NEW YORK — Theatrical producer Victoria Crandall, whose adaptations of Broadway musicals delighted Maine summer audiences for more than three decades, has died at the age of 81.
Miss Crandall, of Wiscasset, Maine, died Sunday night in a New York hospital. She kept an apartment in the city and traveled there each spring to audition talent and cast roles for the coming season.
A former concert pianist, Miss Crandall in 1959 founded the Brunswick Summer Playhouse, which later became the Brunswick Music Theater. The name was changed again two years ago to the Maine State Music Theater, with Miss Crandall serving as executive director and artistic director.

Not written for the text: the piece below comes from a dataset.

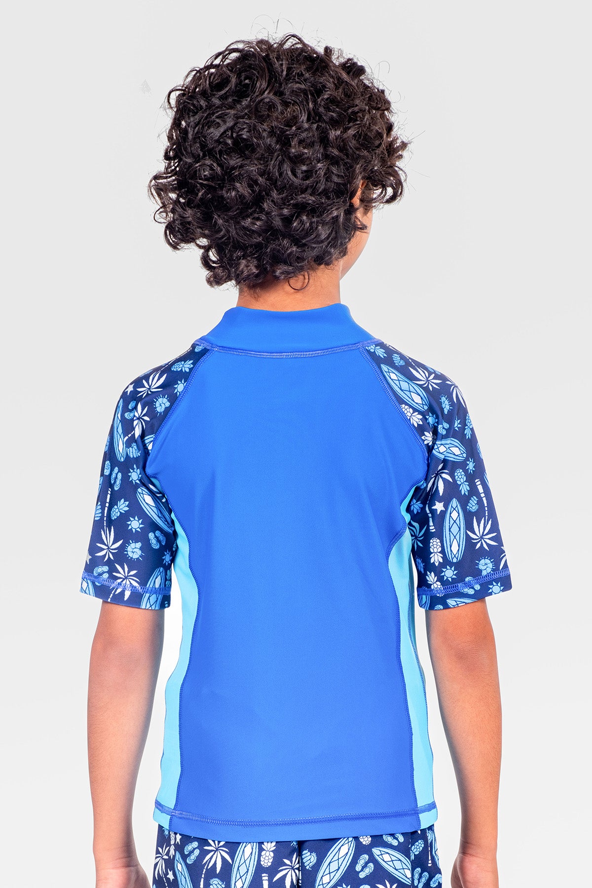 The Rash Guard was designed by our expert in house designers, who created this Rash Guard with short sleeves to provide versatility, as well as extra comfort and protection against the sun, for the kids who burn a little easier on their shoulders on the hotter days.

The theater, located on the Bowdoin College campus, rejected packaged shows in favor of original productions. Since the theater was founded, she put on 186 shows that drew more than 1.5 million people.
The theater was launched as a for-profit venture, but became non-profit in the late 1970s in order to advance its educational mission, said William Picher, the theater’s director of development and public relations.
The Maine State Music Theater’s season will go on as planned with the first production of “Oklahoma” on June 12, Picher said.
Born in Cleveland to Swedish immigrants, Miss Crandall was a graduate of the Eastman School of Music in Rochester, N.Y. She went on to become a rehearsal pianist, working with performers Ethel Merman and Jimmy Durante and composer-lyricist teams such as Alan Jay Lerner and Frederick Loewe and Richard Rodgers and Larry Hart.
During World War II, Miss Crandall performed in Europe under the auspices of the USO.
As an assistant to a producer, Miss Crandall honed her skills in putting on Broadway musicals. She made her debut as a producer in 1951 and worked with a touring company.
“But all the time, she was looking for a place where she could settle down and establish a theater,” Picher said.
Miss Crandall’s only living relatives are two nieces in Sweden. A brother died last year.
A private funeral service will be held at Evergreen Cemetery in Hillside, N.J. Arrangements for a public memorial service in Maine were incomplete, Picher said.